Known Issues and Limitations

Contents

Known Issues and Limitations#

  1. GPU operator driver installs only DKMS package

    • Impact: Applications which require ROCM packages will need to install respective packages.

    • Affectioned Configurations: All configurations

    • Workaround: None as this is the intended behaviour

  2. When Using Operator to install amdgpu 6.1.3/6.2 a reboot is required to complete install

    • Impact: Node requires a reboot when upgrade is initiated due to ROCm bug. Driver install failures may be seen in dmesg

    • Affected configurations: Nodes with driver version >= ROCm 6.2.x

    • Workaround: Reboot the nodes upgraded manually to finish the driver install. This has been fixed in ROCm 6.3+

  3. GPU Operator unable to install amdgpu driver if existing driver is already installed

    • Impact: Driver install will fail if amdgpu in-box Driver is present/already installed

    • Affected Configurations: All configurations

    • Workaround: When installing the amdgpu drivers using the GPU Operator, worker nodes should have amdgpu blacklisted or amdgpu drivers should not be pre-installed on the node.
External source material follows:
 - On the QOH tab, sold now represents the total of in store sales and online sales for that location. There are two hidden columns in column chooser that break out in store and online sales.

Blacklist in-box driver so that it is not loaded or remove the pre-installed driver

  4. When GPU Operator is used in SKIP driver install mode, if amdgpu module is removed with device plugin installed it will not reflect active GPU available on the server

    • Impact: Scheduling Workloads will have impact as it will scheduled on nodes which does have active GPU.
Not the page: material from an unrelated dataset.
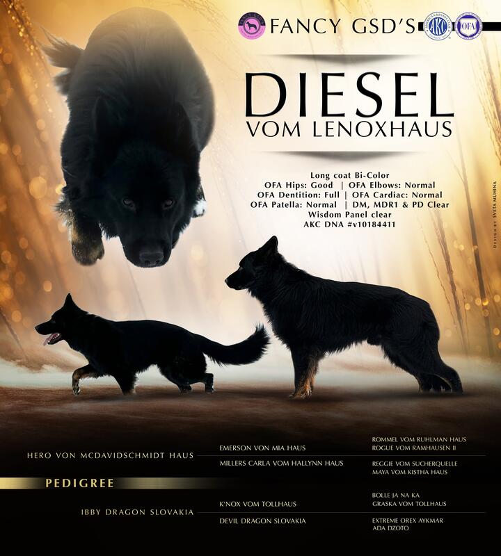 message tayli2000 about this ad Diesel This boy is incredibly sweet, confident and has a great personality! He gets along great with people, kids and other dogs. He does amazing in public and has perfect leash manners. He does have a high prey drive but medium drive overall! We are going to be working on some titles for him! He does have Extreme, Knox and Bolle Ja Na Ka in his pedigree! His mother was imported from Slovakia. Diesel Vom Lenoxhaus Long Coat Bi-color OFA Hips: Good OFA Elbows: Normal OFA Patella: Normal OFA Cardiac: Normal OFA Dentiton: Full DM, MDR1 & PD clear Wisdom Panel Clear AKC DNA Diesel is up for stud to approved females |

    • Affected Configurations: All configurations

    • Workaround: Restart the Device plugin pod deployed.

  5. Worker nodes where Kernel needs to be upgraded needs to taken out of the cluster and readded with Operator installed

    • Impact: Node upgrade will not proceed automatically and requires manual intervention

    • Affected Configurations: All configurations

    • Workaround: Manually mark the node as unschedulable, preventing new pods from being scheduled on it, by cordoning it off:

    kubectl cordon <node-name>
    



  6. Due to issue with KMM 2.2 deletion of DeviceConfig Custom Resource gets stuck in Red Hat OpenShift

    • Impact: Not able to delete the DeviceConfig Custom Resource if the node reboots during uninstall.

    • Affected Configurations: This issue only affects Red Hat OpenShift

    • Workaround: This issue will be fixed in the next release of KMM. For the time being you can use a previous version of KMM aside from 2.2 or manually remove the status from NMC:

    1. List all the NMC resources and pick up the correct NMC (there is one nmc per node, named the same as the node it related to).

      oc get nmc -A
      
    2. Edit the NMC.

      oc edit nmc <nmc name>
      
    3. Remove from NMC status for all the data related to your module and save. That should allow the module to be finally deleted.

  7. Incomplete Cleanup on Manual Module Removal

    • Impact: When AMD GPU drivers are manually removed (instead of using the operator for uninstallation), not all GPU modules are cleaned up completely.

    • Recommendation: Always use the GPU Operator for installing and uninstalling drivers to ensure complete cleanup.

  8. Inconsistent Node Detection on Reboot

    • Impact: In some reboot sequences, Kubernetes fails to detect that a worker node has reloaded, which prevents the operator from installing the updated driver. This happens as a result of the node rebooting and coming back online too quickly before the default time check interval of 50s.

    • Recommendation: Consider tuning the kubelet and controller-manager flags (such as –node-status-update-frequency=10s, –node-monitor-grace-period=40s, and –node-monitor-period=5s) to improve node status detection. Refer to Kubernetes documentation for more details.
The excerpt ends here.